Home elevation project in progress with a raised flood-damaged Florida house supported by cribbing and steel beams during construction.

St. Pete Homeowners Are Still Waiting On Elevate Florida Grant Answers

Nearly two years after Hurricane Helene flooded neighborhoods across Tampa Bay, some St. Pete homeowners are still stuck in a frustrating middle ground: unable to move fully forward, unable to move back home, and still waiting for clear answers on funding that could help raise their homes above future flood risk.

In Shore Acres, homeowners who applied to Elevate Florida say they have gone months without meaningful updates while their applications move through the review process. For families already paying for temporary housing, storage, repairs, insurance, and everyday life, the delay is not just paperwork. It is a very real financial and emotional burden.


Elevate Florida Was Created To Help Flood Damaged Homes

Finished elevated coastal Florida home built on concrete piers with raised living space, front porch, and flood mitigation design.

Elevate Florida is a statewide residential mitigation program created to help reduce future storm and flood damage by supporting projects like home elevation, mitigation reconstruction, acquisition demolition, and wind mitigation.

For many flood-prone communities in Pinellas County, the home elevation piece is the part getting the most attention. The program is expected to cover a major portion of eligible home elevation costs, while homeowners would still be responsible for their share of the project.

That can still leave families with a serious expense, but for people trying to stay in neighborhoods like Shore Acres, Venetian Isles, Riviera Bay, and other vulnerable parts of St. Pete, it can be the difference between rebuilding with a plan and feeling trapped by the next hurricane season.


Lawmakers Are Pressing For Faster Movement

The frustration has now reached state lawmakers. Pinellas County representatives have pushed for faster movement on the grant process as homeowners continue waiting for final decisions.
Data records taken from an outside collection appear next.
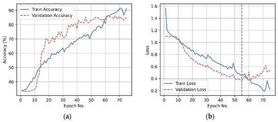 The two-dimensional spectrograms were converted into vectors in layer 15 and subsequently processed by the full connected dense layers consisting of 512, 128, and 16 nodes, respectively. Four dropout layers, with the dropout rate being equal to 0.5, were employed to prevent the network from overfitting (layers 16, 18, 20, and 22). The last layer was responsible for providing the results of the classification. A rectified linear unit was used in all the convolutional and dense layers, whereas a Softmax function was incorporated in the output layer.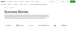 Upwork ma nietypowe wyzwanie: obsługuje jednocześnie firmy i freelancerów. Rozwiązaniem jest podział case studies na dwie ścieżki, z osobnymi historiami sukcesu dla każdej grupy odbiorców. Upwork stawia wyłącznie na format wideo, co pozwala szybko budować autentyczność i zaufanie – widz słyszy i widzi prawdziwą osobę opowiadającą swoją historię. To skuteczna strategia, bo zastąpienie tekstowych rekomendacji wideo-testimonialami potrafi podnieść konwersję o 80%[27].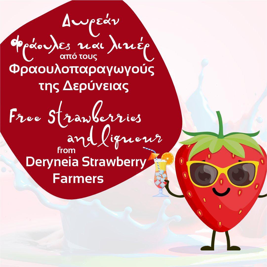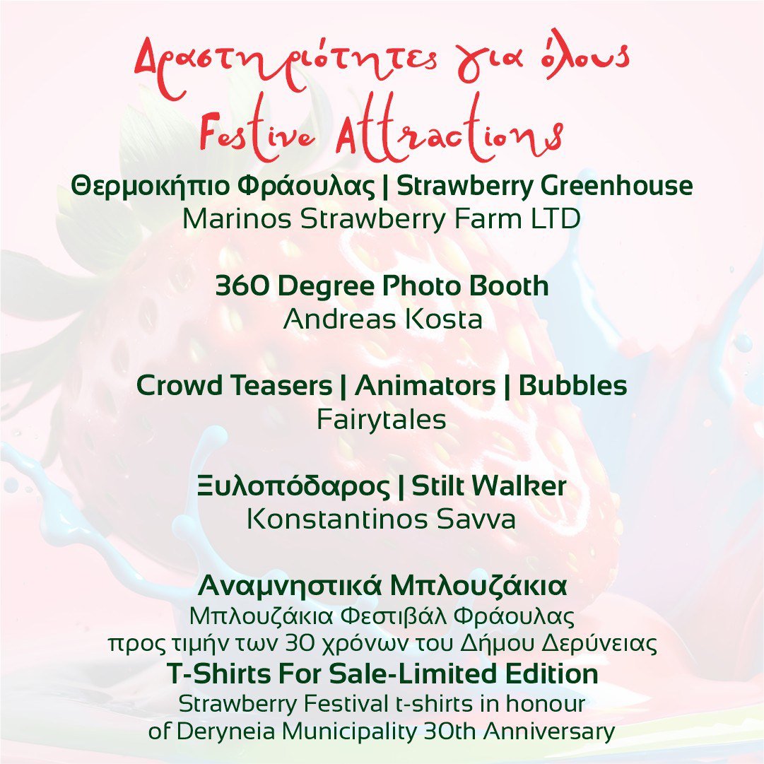 Στoυς επισκέπτες του Φεστιβάλ θα προσφέρονται δωρεάν άφθονες φρέσκες φράουλες και διάφορα παρασκευάσματα της φράουλας όπως χυμός, μαρμελάδα, λικέρ, γλυκά, παγωτά κ.ά.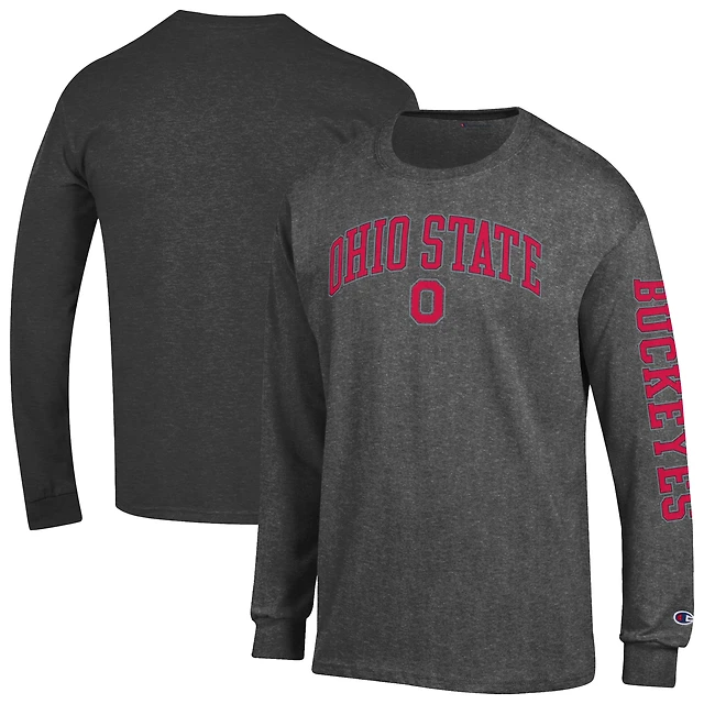 T-shirt à manches longues anthracite pour homme, champion des Ohio State Buckeyes, avec logo Arch Over, 2 coups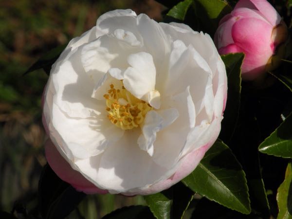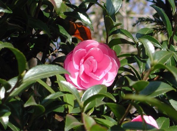 サザンカとツバキの区別は私にとって難物の一つ。いろいろな園芸品種があるからである。よく言われる『花がばらばらに散ればサザンカ』は、花の咲き始めには使えない。写真は乙女椿のつもりだったけど、今頃の開花時期と葉からサザンカ?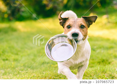 Hungry or thirsty dog fetches metal bowl to get feed or water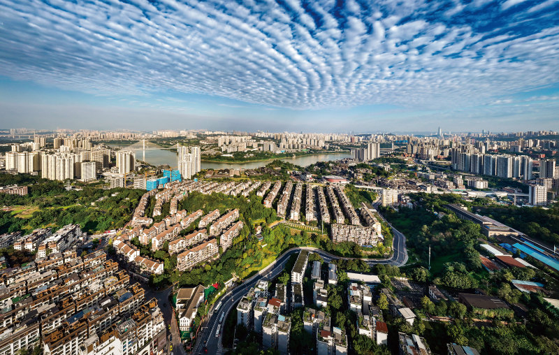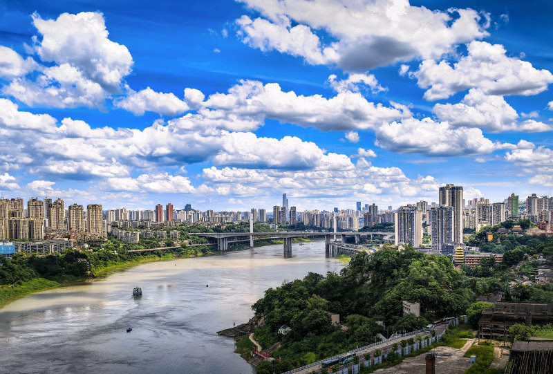 《蓝天白云下的家园》2025年7月24日,摄于重庆市沙坪坝区石井坡。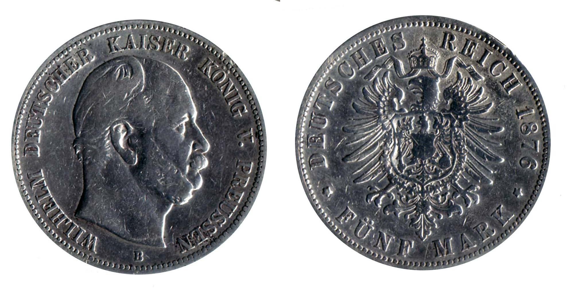 5 marek 1876 B, KM 503.2, nep.hr., rysky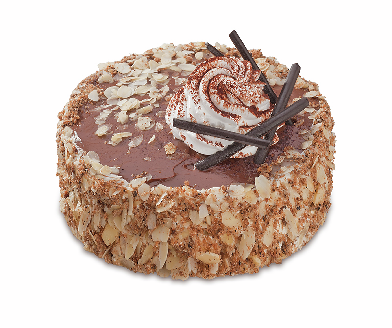 Шоколадно-ореховые коржи прослоены сливочно- заварным кремом. Торт покрыт шоколадной помадкой, украшен миндалём, взбитыми сливками и шоколадом. Создан из оригинальных шоколадно-ореховых коржей, прослоенных сливочно-заварным кремом с добавлением вишневой наливки.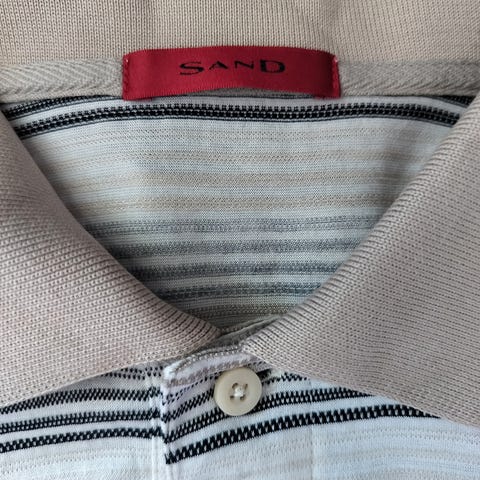 Herre SAND poloshirt str L i gyldne farver og koksgrå krave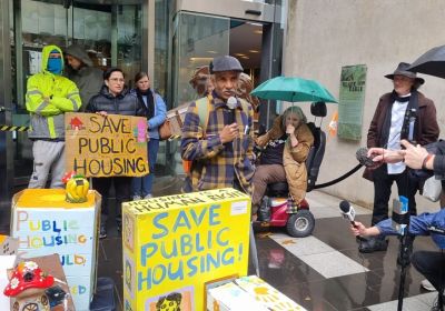 Housing activists protested outside a public housing complex that is being demolished. Isaac Nellist reports.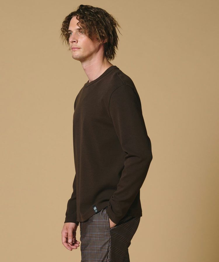 コットンとモダールをブレンドした柔らかい風合いのフライスTシャツ。エアリー感のある生地は、軽やかでストレッチ性にも優れているため、長時間着用しても快適な着心地を実現しました。肉厚な素材なので、透けることもなく安心して着用が可能に。シンプルな長袖Tシャツは、レイヤードスタイルのインナー使いとしてもおすすめです。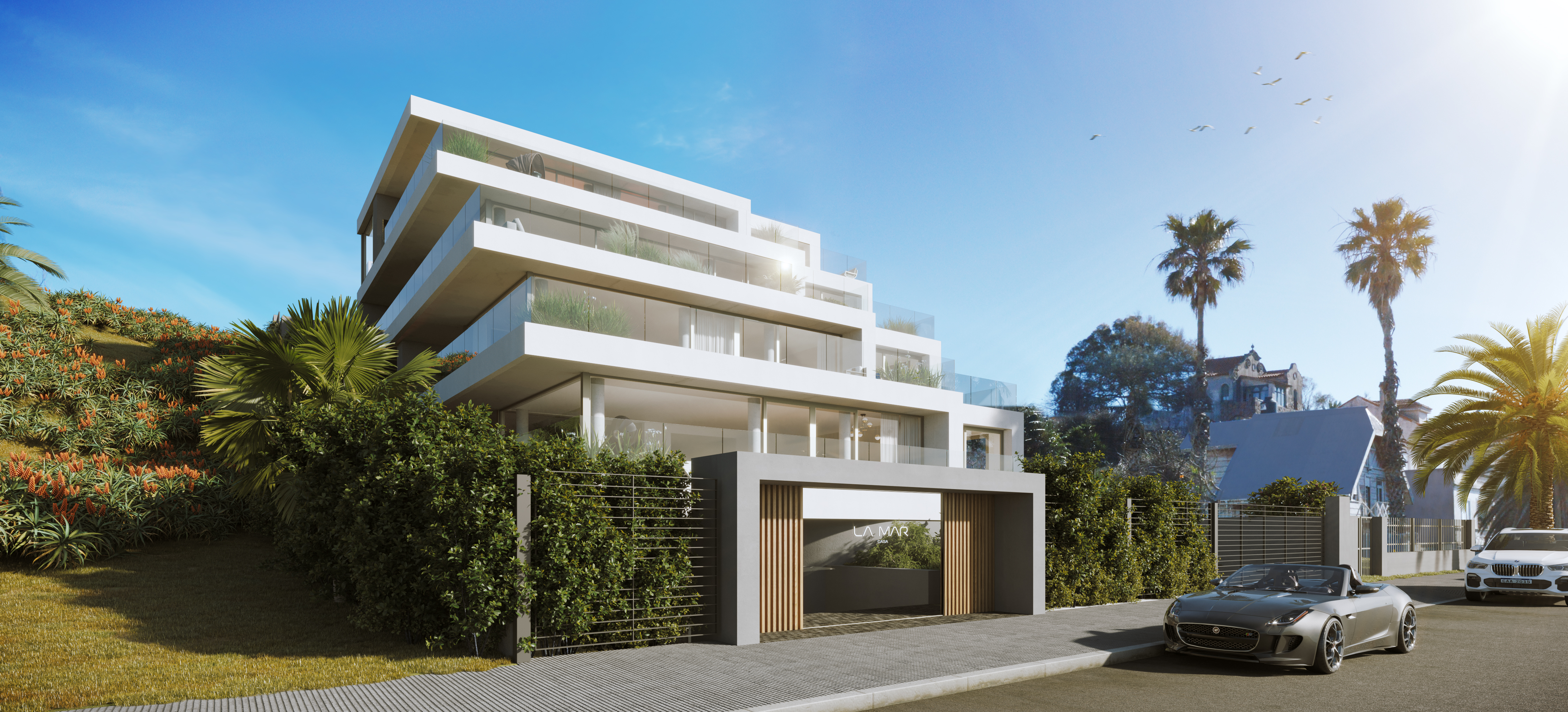 With subtle variations in dimensions and typologies, all 4 have high-rise spaces and gigantic terraces that extend over the sea and continue into the spectacular living rooms.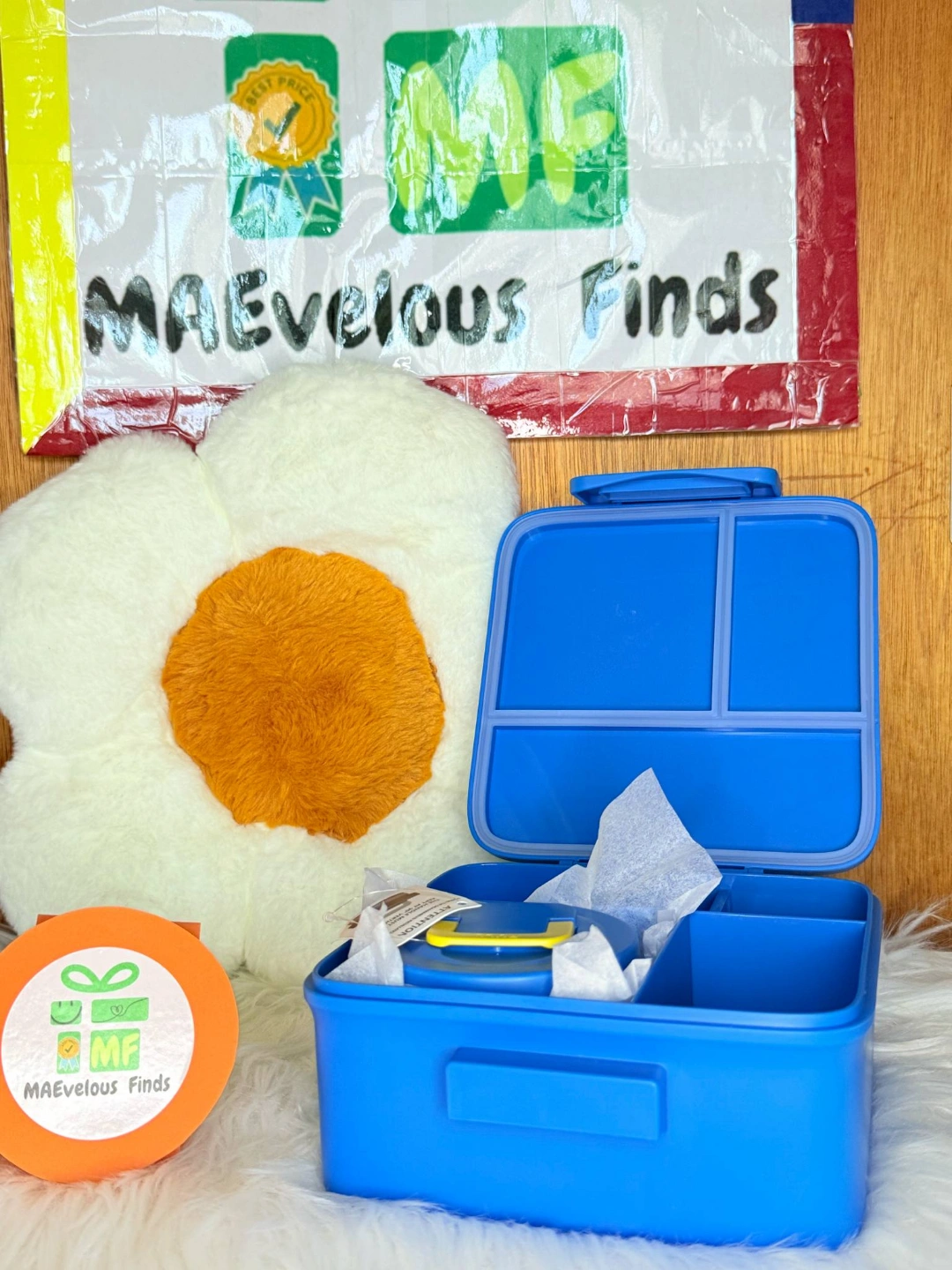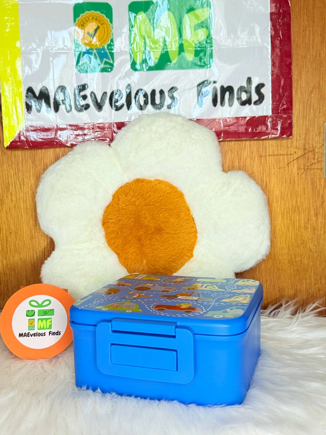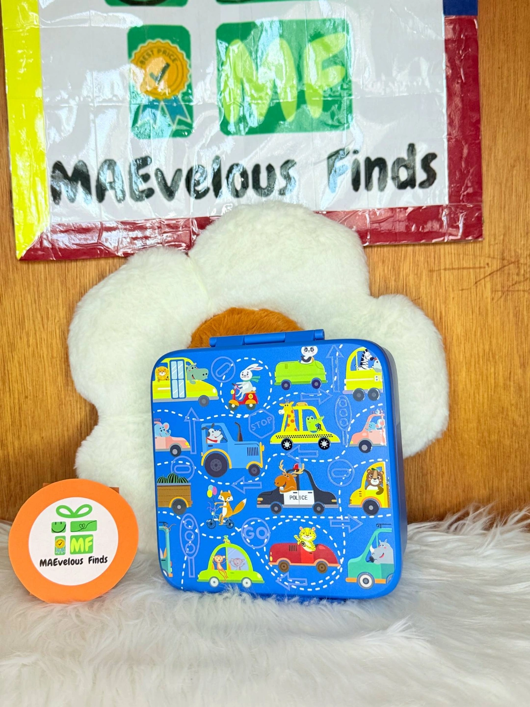 Adorable kids' lunchbox set. Features a divided bento box, perfect for packing a variety of foods. Includes a separate stainless steel thermal food jar. Blue with fun vehicle and animal print. Great for school or outings.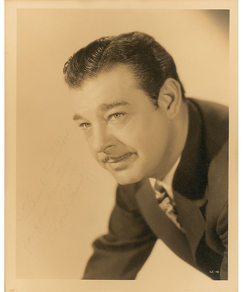 Desirable vintage matte-finish 8 x 10 publicity portrait, signed and inscribed in black ink, “Thanks Mrs. Shellhase for your courtesy. Lon Chaney.” Signature and inscription light but legible, otherwise fine condition.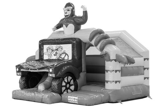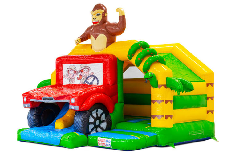 Een opvallende safari jeep en een mega gorilla zorgen ervoor dat dit een zeer aantrekkelijke attractie is bij het kinderpubliek! Met de unieke en zelfontworpen thema's van JB maak je van een buurtfeest, verjaardag of ander evenement een waar succes. Je zet het Slide Combo Doubleslide Gorilla springkussen gemakkelijk en snel op. Het kussen wordt geleverd inclusief blower, verankeringsmateriaal, een transportzak en een duidelijke handleiding. Alles compleet voor gemak en de ultieme beleving.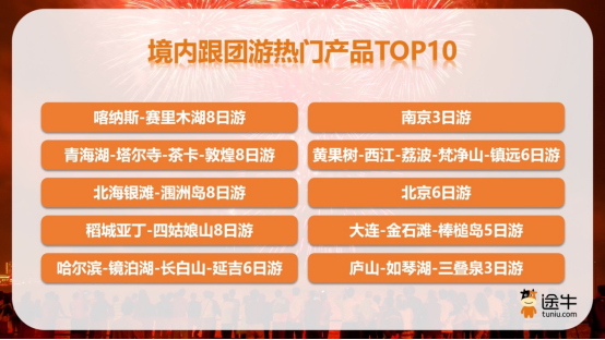 在此趋势下,自驾游、自由行、高铁游、目的地1-3日跟团游等灵活化、碎片化的出游方式成为游客的热门选择。《报告》数据显示,今年国庆中秋假期,途牛平台境内自驾游、自由行产品截至目前的预订出游人次较去年同期均增长了1倍以上。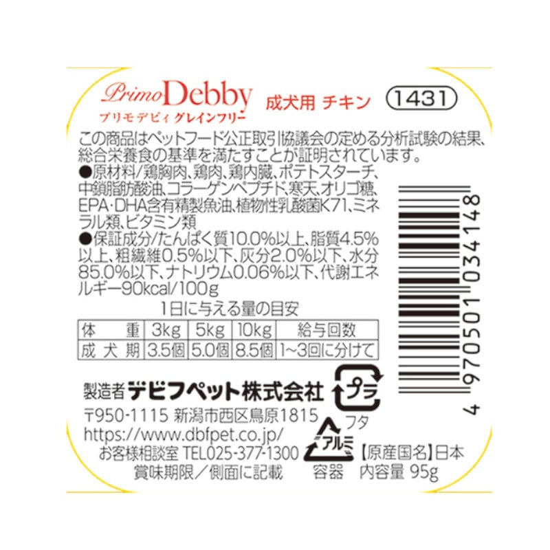 原材料・成分:鶏胸肉、鶏肉、鶏内臓、ポテトスターチ、中鎖脂肪酸油、コラーゲンペプチド、寒天、オリゴ糖、EPA・DHA含有精製魚油、植物性乳酸菌K71、ミネラル類、ビタミン類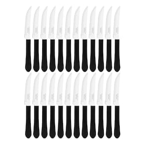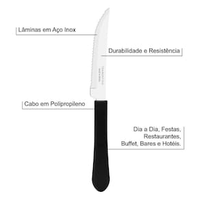conteúdo do kit: 24 - facas de mesa churrasco tramontina leme inox cabo preto. Características do produto: lâmina: em aço inox; cabo: polipropileno preto. Dimensões produto compr. X larg. X alt. : comprimento: 20,2 cm largura: 0,9 cm altura: 1,8 cm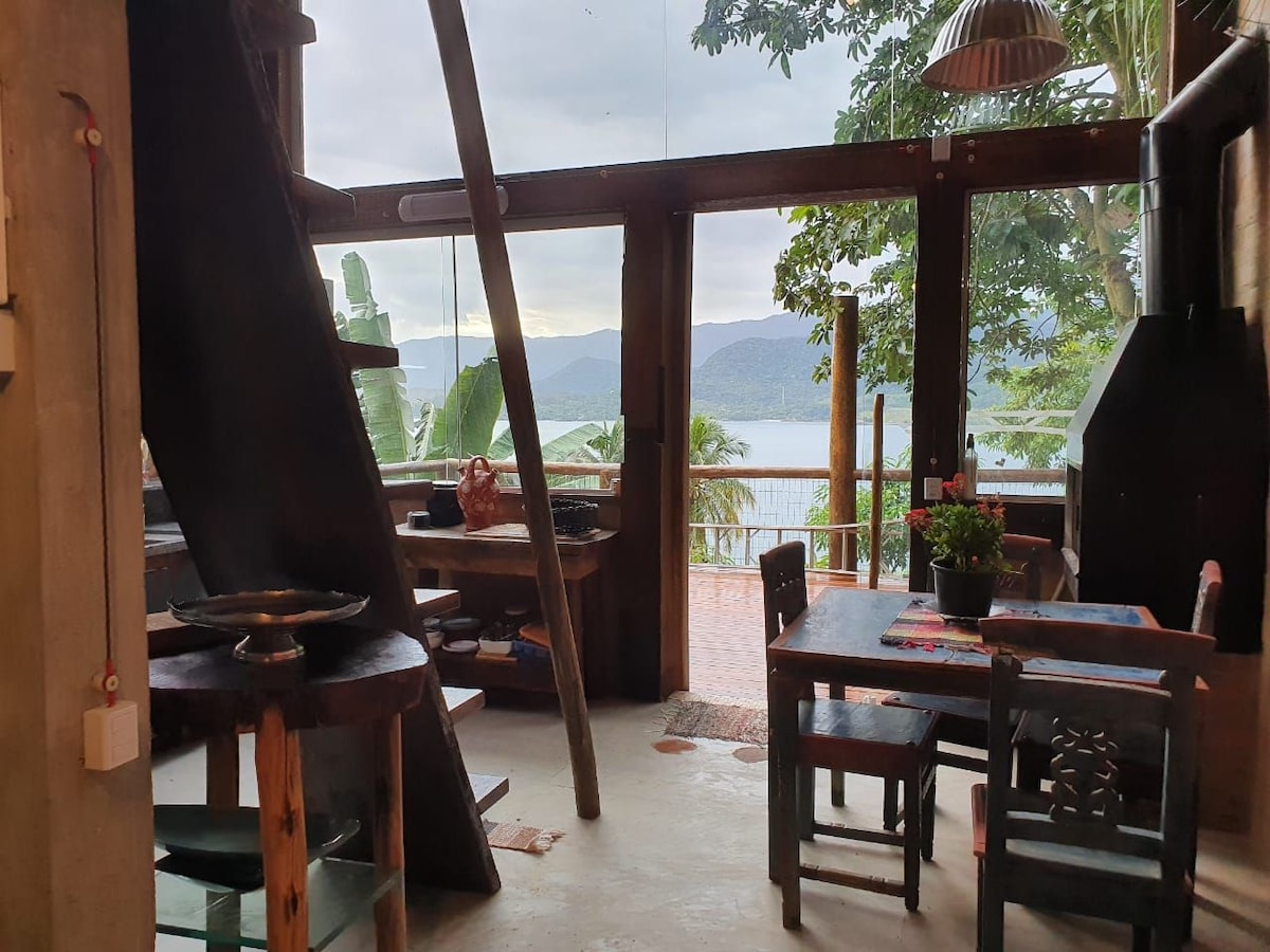 A bungalow built artistically in every detail... a bathtub open to the woods with a glass ceiling gives the feeling of being immersed in nature, with a centenary fig tree in front and many birds... intimate and welcoming in connection with Nature, in contact with this reserve area of the Atlantic Forest. The other hot shower is on the deck open to the woods and is delightful day or night, with a starry sky and moonlight.

Even after an award is approved, there are still more steps before a project becomes reality, including design, permitting, construction planning, and in some cases temporary housing. That timeline matters because some homeowners have already been out of their homes for nearly two years. One Shore Acres homeowner has voiced that his family is paying “double rent, double bills” while also paying for storage, all while waiting for a final answer.


St. Pete Needs Clear Answers Before The Next Storm

St. Pete homeowners are not asking for a vague promise. They are asking for timelines, communication, and a clear path forward before another peak hurricane season puts the same neighborhoods at risk again.

Elevate Florida logo for the statewide home elevation and flood mitigation grant program.

Elevating homes will not solve every flooding issue in Tampa Bay, but for families trying to remain in the communities they love, it can be one of the most practical long-term options available. The longer the process drags on, the harder it becomes for homeowners to plan, rebuild, or make informed decisions about whether they can stay.

For flood-prone parts of St. Pete, this story is about more than grant paperwork. It is about whether recovery programs can move fast enough to matter for the people they were designed to help.